= Ichiro Maehara =

American baseball player

Ichiro "Iron" Maehara (November 14, 1909 – April 6, 1998), was a noted Hawaiian baseball player who played semipro ball and exhibition games against military teams and major leaguers when they came to Hawaii. He played in Hawaii from the 1930s through the 1950s. In later years Red Adams got him a contract as a scout with the Los Angeles Dodgers. Maehara's top discovery was Sid Fernandez.

A baseball stadium on Maui has been named Maehara Stadium.

==Youth==
During Maehara's youth, virtually every community in the Islands had a company team. Maehara caught on with the HC&S sugarcane plantation team and soon became well known. When he was a boy he loved watching an old-time movie serial called "The Iron Claw." The nickname stuck with him for life. As he matured, he coached Island kids and the younger players on the Hawaiian Commercial & Sugar Company (HC&S). In the early '40s he was hospitalized with tuberculosis. While recovering wrote weekly columns for The Maui News called "Diamond Dopester." After he recovered, he continued feeding baseball info to the regular columnists. During World War II, while Japanese-Americans were closely monitored, Maehara played against military teams. There he met Phil Rizzuto. After the war, he befriended other major leaguers.

==Scout==
In the mid-1960s Maehara impressed Dodger scout Red Adams with his baseball expertise and Adams suggested Iron become a bird-dog, or free lance, scout for the Dodgers. Over the years, he sent many an Island lad to the mainland, including his biggest find, Sid Fernandez. When the Dodgers signed Fernandez out of high school, Maehara became a full-time scout and he remained on the payroll until 1997, when he retired at the age of 87.

==Little League==
Maehara was also instrumental in organizing Little League ball on Maui and Lanai. Maehara eventually became director of Maui County Parks and from 1971 to 1973 was responsible for developing a popular ballpark in Hawaii as part of the War Memorial Complex. In 1997, in honor of a lifetime dedicated to Island baseball, that park was renamed Ichiro "Iron" Maehara Baseball Stadium.

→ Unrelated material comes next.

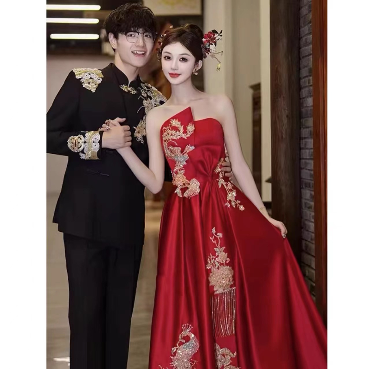 红色敬酒服抹胸重工高端轻奢新中式新娘结婚国风订婚高级感礼服裙

In 1998, just as the major league season was starting, Maehara died at 88. In the Kahului church where the funeral was held, the community turned out to pay their respects. Fred Claire, Dodger general manager from 1987 to 1998, summed up the life of Iron Maehara neatly when he said, "We will miss him greatly. He was a special person as a scout and as a human being. You simply don't replace a man like Iron."